On Tue, 13 Sep 2016, Jeff Layton wrote:
> On Tue, 2016-09-13 at 13:31 +0000, Sage Weil wrote:
> > On Tue, 13 Sep 2016, Jeff Layton wrote:
> > > On Sun, 2016-09-11 at 17:05 +0000, Sage Weil wrote:
> > > > On Sat, 10 Sep 2016, Haomai Wang wrote:
> > > > > About thing is v1/v2 compatible. I rethink the details:
> > > > > 
> > > > > 0. we need to define the new banner which must longer than before("ceph v027")
> > > > > 1. assume msgr v2 banner is "ceph v2 %64llx %64llx\n"
> > > > > 2. both in simle/async codes, server side must issue banner firstly
> > > > > 3. if server side supports v2 and client only supports v1, client will
> > > > > receive 9 bytes and do memcmp, then reject this connection via closing
> > > > > socket.
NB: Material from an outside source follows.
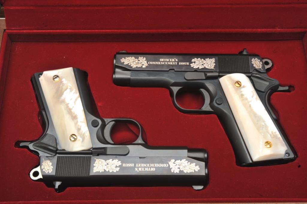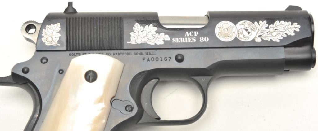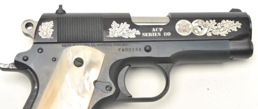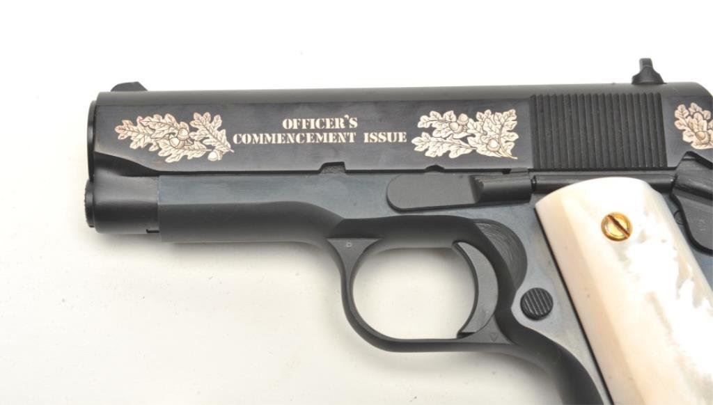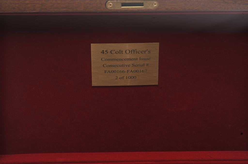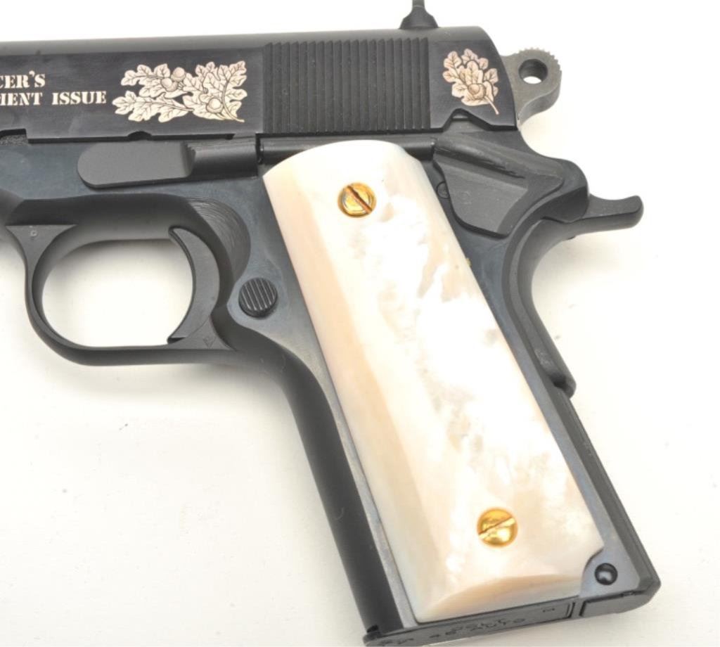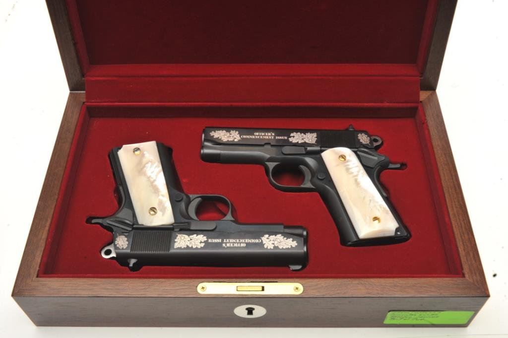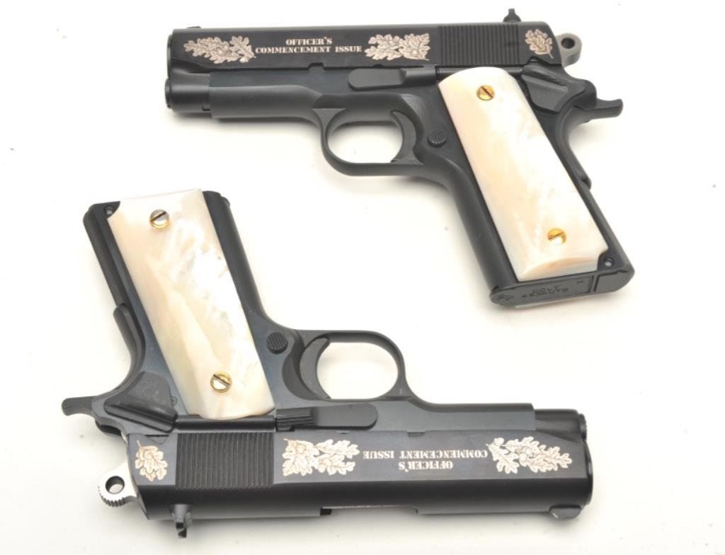 Gun Shop Officer’s Commencement Issue Series 80 semi-automatic pistols and their respective Colt factory wood grain cardboard boxes with correct end labels; .45 ACP caliber, 3.75” barrels, S/Ns FA00166 and FA00167 (consecutively numbered), black finish with silver ornamentation to both sides of the slides and pearl grips. Both guns are in near new condition with custom casing showing a plaque on inside of lid indicating “2 of 1000”; outside of lid has “COLT” insignia in lower right corner. A beautiful pair of limited edition Colts with presentation casing and original factory boxes. (Modern/PPT). Est.: $2,000-$4,000.

So server side could retry the older version
> > > > > 4. if server side only supports v1 and client supports v2, client
> > > > > according banner to reply corresponding banner
> > > > > 
> > > > > This tricky design is based on the implementation fact "accept side
> > > > > issue the banner firstly" and "new banner is longer than old banner",
> > > > > and this way doesn't need to involve other dependences like mon port
> > > > > changes.
> > > > > 
> > > > > Does this way has problem?
> > > > 
> > > > I was thinking we avoid this problem and any hacky initial handshakes by 
> > > > speaking v2 on the new port and v1 on the old port.  Then the monmap has 
> > > > an entity_addrvec_t with both a v1 and v2 address (encoding with just the 
> > > > v1 address for old clients). Same for the OSDs.
> > > > 
> > > > The v1 handshake just isn't extensible (how do you tell a v2 client 
> > > > connecting that you speak both v1 and v2?).
> > > > 
> > > 
> > > Depending on port assignments for the protocol is pretty icky though.
> > > There may be valid reasons to use different ports in some environments
> > > and then that heuristic goes right out the window.
> > > 
> > > One thing that is really strange about both the old and new protocols
> > > is that they have the client and server sending the initial exchange
> > > concurrently, or have the server send it first.  While it may speed up
> > > the initial negotiation slightly, it makes it really hard to handle
> > > fallback to earlier protocol versions (as Haomai pointed out), as the
> > > client is responsible for handing reconnects.
> > > 
> > > Consider the case where we have a client that supports only v1 but a
> > > server that supports v1 and v2. Client connects and then server sends a
> > > v2 message. Client doesn't understand it and closes the connection and
> > > reconnects, only to end up in the same situation on the second attempt.
> > > 
> > > There's no way for the server to preserve the state from the initial
> > > connection attempt and handle the new connection with v1. Would it not
> > > make more sense to have the client connect and send its initial banner,
> > > and then let the server decide what sort of banner to send based on
> > > what the client sent?
> > 
> > This is why the v2 banner has the features values (%lx with supported and 
> > required bits).  Clients and servers (connecter and accepters, really, 
> > since servers talk to each other too) can concurrently announce what they 
> > support and require and then go from there.  It doesn't help with the v1 
> > transition, but the addrvec changes (entity_addr_t now has a type 
> > indicating which protocol is spoken, and multiple addrs can be listed for 
> > any server) along with a mon port change (which we have to do anyway to 
> > switch to our IANA assigned port) handle the v1 transition.
> > 
> 
> Ahh ok, I didn't realize ceph was squatting on a port! Ok, then if
> you're planning to switch to a new well-known port anyway, then a clean
> break like this makes more sense.
> 
> I'll confess though that I don't quite understand the whole point of
> the entity_addr_t's. What purpose does it serve to exchange network
> addresses here?

The main thing is that entity_addr_t contains a nonce to distinguish 
between difference incarnations of the same server on the same port.  When 
an OSD is marked down and comes back up, the nonce will be different, and 
its peers can tell they're talking to the new/current instance without any 
stale state (or whatever).  Currently we guard this at the messenger 
layer, so that if we're trying to connect to a particularly instance 
of osd.12 we will simply fail to connect if that port is occupied by 
someone else (e.g., a newer instance of osd.12 that we don't know about 
yet) so that we don't confuse them or ourselves.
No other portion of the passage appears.